Bacteria That Feeds on Metal Accidentally Discovered by Scientists

Researchers have discovered a new type of bacteria that eats metal, specifically, the element manganese.

The metal is one of the most abundant elements on Earth, with scientists predicting more than a century ago that microbes existed which feed on the substance as a source of fuel. Now researchers have finally found such a bacteria, according to a study published in the journal Nature.

"These are the first bacteria found to use manganese as their source of fuel," Jared Leadbetter, an author of the study from Caltech, said in a statement. "A wonderful aspect of microbes in nature is that they can metabolize seemingly unlikely materials, like metals, yielding energy useful to the cell."

The researchers say that the bacteria oxidizes the manganese, meaning it strips the metal of electrons, turning it black. This oxidization is harnessed to convert carbon dioxide into biomass, in a process known as chemosynthesis, enabling the bacteria to grow.

Scientists already knew about bacteria and fungi that oxidized manganese, however, until the latest study no one had demonstrated that it could fuel the growth of these kinds of organisms.

The discovery of the manganese-consuming bacteria was somewhat fortuitous. Leadbetter, a professor of environmental microbiology, had been conducting unrelated research using a chalk-like form of manganese.

Prior to leaving his Caltech office in Pasadena, California, a few months ago to work off campus, Leadbetter had left a glass jar covered in the chalk-like manganese in a sink to soak in tap water. Upon his return, he was surprised to discover that the jar was now blanketed in a black material.

"I thought, 'What is that?'" he said. "I started to wonder if long-sought-after microbes might be responsible, so we systematically performed tests to figure that out."

Tests identified that the black substance was indeed oxidized manganese, which is commonly found in nature. The metal is never found as a free element in nature. Instead, it is usually combined with iron or found within minerals.

The researchers concluded that the manganese had been oxidized by a newly identified bacteria, dubbed Candidatus Manganitrophus noduliformans, which had most probably come from the tap water.

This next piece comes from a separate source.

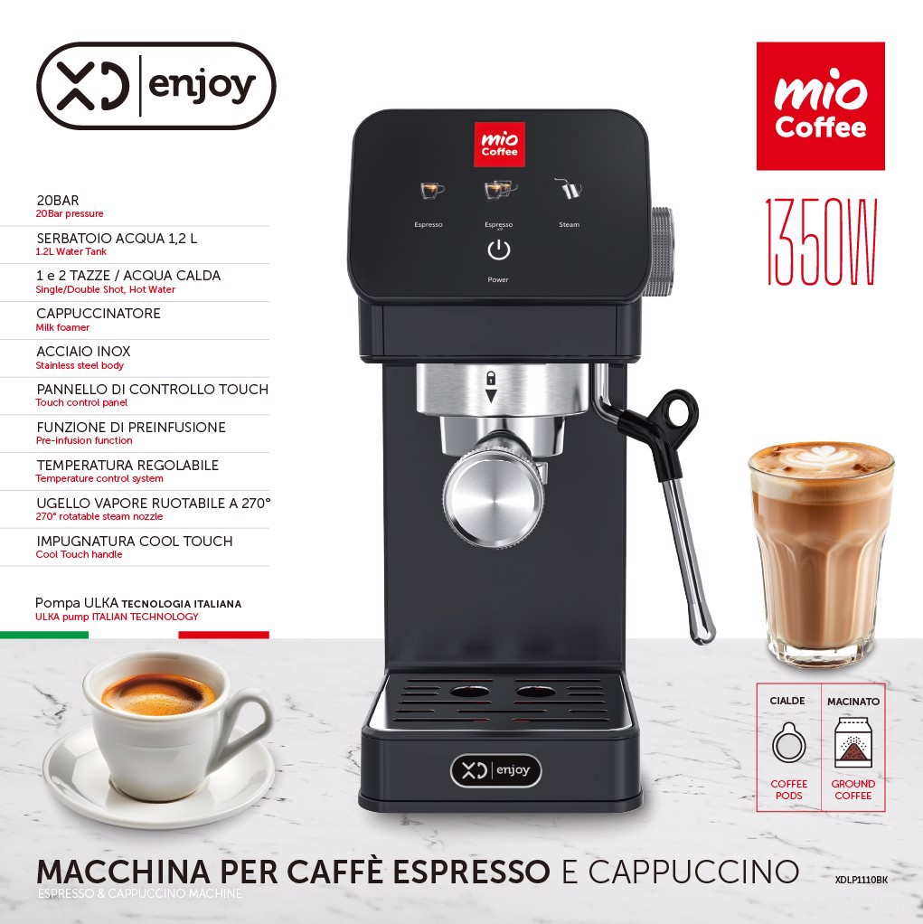 XD Enjoy XDLP1110BK. Tipo di prodotto: Macchina per espresso, Tipologia macchina del caffé: Automatica/Manuale, Capacità tanica acqua: 1,2 L, Tipologia di caffè utilizzato: Cialde caffè, Caffè macinato, Vaschetta per caffè preparato: Tazza, Capacità in tazze: 1 tazze. Potenza: 1350 W. Colore del prodotto: Nero

This is not surprising given that relatives of the new bacteria have been documented in underground water sources where some of Pasadena's drinking water comes from, according to Leadbetter.

bacteria, manganese oxide
An electron microscope image with false colorization showing tiny pieces of manganese oxide generated by the newly identified bacteria. Caltech/Hang Yu

The latest findings could help to explain why manganese oxides are sometimes found in water-distribution systems, which deliver drinking water to homes, businesses and other facilities.

"There is a whole set of environmental engineering literature on drinking-water-distribution systems getting clogged by manganese oxides," Leadbetter said.

"But how and for what reason such material is generated there has remained an enigma. Clearly, many scientists have considered that bacteria using manganese for energy might be responsible, but evidence supporting this idea was not available until now."

Furthermore, the results could also shed light on the mysterious formation of strange, metallic balls of manganese—some as large as grapefruits—that have been documented on the seafloor across many parts of the world. The team speculate that microbes similar to the one they identified may play a part in the formation of the balls.

The manganese balls, or "nodules," are now being targeted by mining companies because many contain rare metals.

"This underscores the need to better understand marine manganese nodules before they are decimated by mining," Hang Yu, another author of the study from Caltech, said in the statement.